To achieve the above targets, BIOFOREVER established a collaboration infrastructure and website (www.bioforever.org) for a consortium of 14 leading industrial parties in feedstock supply, pre-treatment, downstream processing, techno-economic modelling and design, and market research. Within the consortium, new value chains from woody biomass to bio-based products, were developed, demonstrated and evaluated at different scales.
Four different woods were used in BIOFOREVER: spruce, poplar, waste wood A and waste wood B. These were transferred to the four pre-treatment partners who applied their proprietary technologies towards cellulosic sugars. Cellulosic sugar hydrolysates and their by-products were shipped to the application partners who executed bench-scale processes involving enzymatic conversions, fermentations and/or chemical-physical conversion towards 9 different types of products: carbon binders, butanol, ethanol, resin acids, fructose-FDCA, enzymes, vitamin B2, specialty sugars -xylose and lignin-based dispersing agents. Results have been assessed via multicriteria evaluation such as feedstock availability, processability, sustainability, regulatory requirements and costs resulting in preferred feedstock-pre-treatment-conversion combinations. The selected value chains were then demonstrated on pre-commercial scale, producing butanol, resin acids, cellulolytic enzymes, carbon binders, fructose, ethanol and specialty sugars.
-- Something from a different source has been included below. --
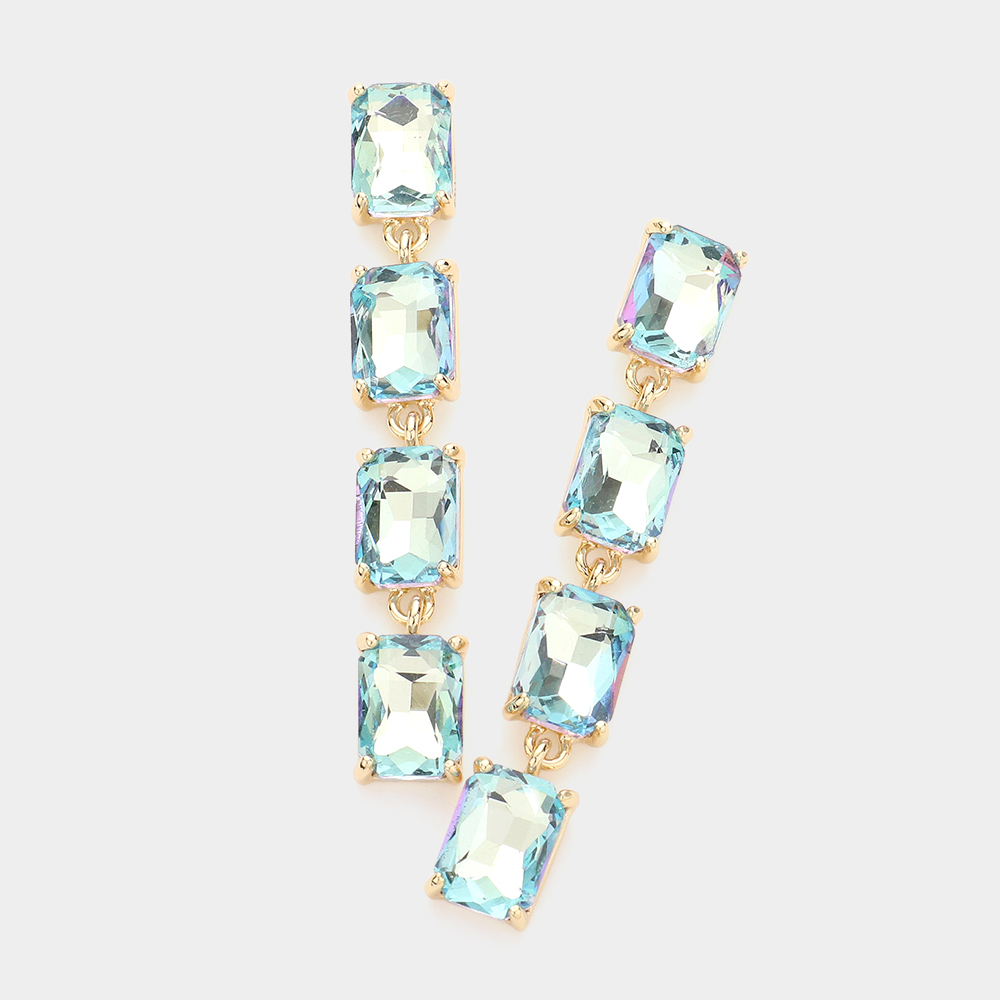 White Gold Dipped CZ Stone Embellished Dangle Evening Earrings

Based on these results, a detailed techno-economic evaluation (TEA) was executed. Four competing pre-treatment processes were compared in detail in the TEA via a “black-box” approach; a more in-depth comparison could be possible if the engineering company involved was an independent party.
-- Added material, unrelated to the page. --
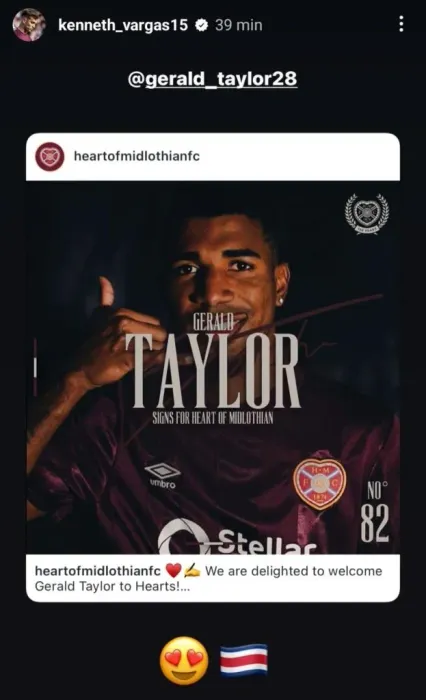 Kenneth Vargas celebró a lo grande la contratación de Gerald Taylor, dándolo a conocer en una historia en su cuenta oficial de Instagram, en el que reposteó la publicación del Hearts y acompañándolo con un emoji de enamorado y otro con la bandera de Costa Rica.

Although technically feasible, the economic feasibility of a wood-based biorefinery is challenging, mainly due to high market prices of spruce and poplar. Waste woods have acceptable prices but are associated with regulatory and /or quality limitations in several value chains.
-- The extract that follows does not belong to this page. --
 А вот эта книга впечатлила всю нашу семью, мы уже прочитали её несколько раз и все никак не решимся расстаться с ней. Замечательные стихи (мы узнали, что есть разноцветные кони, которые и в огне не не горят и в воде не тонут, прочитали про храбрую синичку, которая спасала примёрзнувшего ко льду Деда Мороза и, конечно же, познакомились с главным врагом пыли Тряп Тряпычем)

From a Life-cycle analysis (LCA) perspective, cellulosic (2G) sugars can provide a CO2 reduction in certain scenarios compared to first generation (1G) sugars. Using the lignin fraction for energy production has a major contribution here. The combustion potential of the different BIOFOREVER lignin types was established based on composition and processability of the lignin.
A market study was done investigating the willingness of end users of bio-based products to pay a Green-Premium price. A limited premium of 10-20% appeared to be acceptable. After an in-depth consumers interview, the conclusion is that the consumers do not yet understand the bio-based concept. Educational programs and labelling systems are suggested to improve this.
Ethanol appears to be the most feasible outlet, given the current market situation. It serves as biofuel but can also be used as an intermediate chemical building block, a stepping stone towards a broader implementation of bio-based technologies. Lignosulfonate as by-product, showed to be a feasible replacer of coal tar pitch used currently as carbon binder. This bio-binder will be tested in a full-scale aluminum production plant as a follow up of BIOFOREVER, reducing Poly Aromatic Hydrocarbons (PAH) emissions to workers and GHG emissions.
Finally, three peer-reviewed scientific articles have been published, and one has recently been submitted, three articles have been published in web-magazines and representatives have participated in several conferences, workshops, stakeholders' meetings and exhibitions.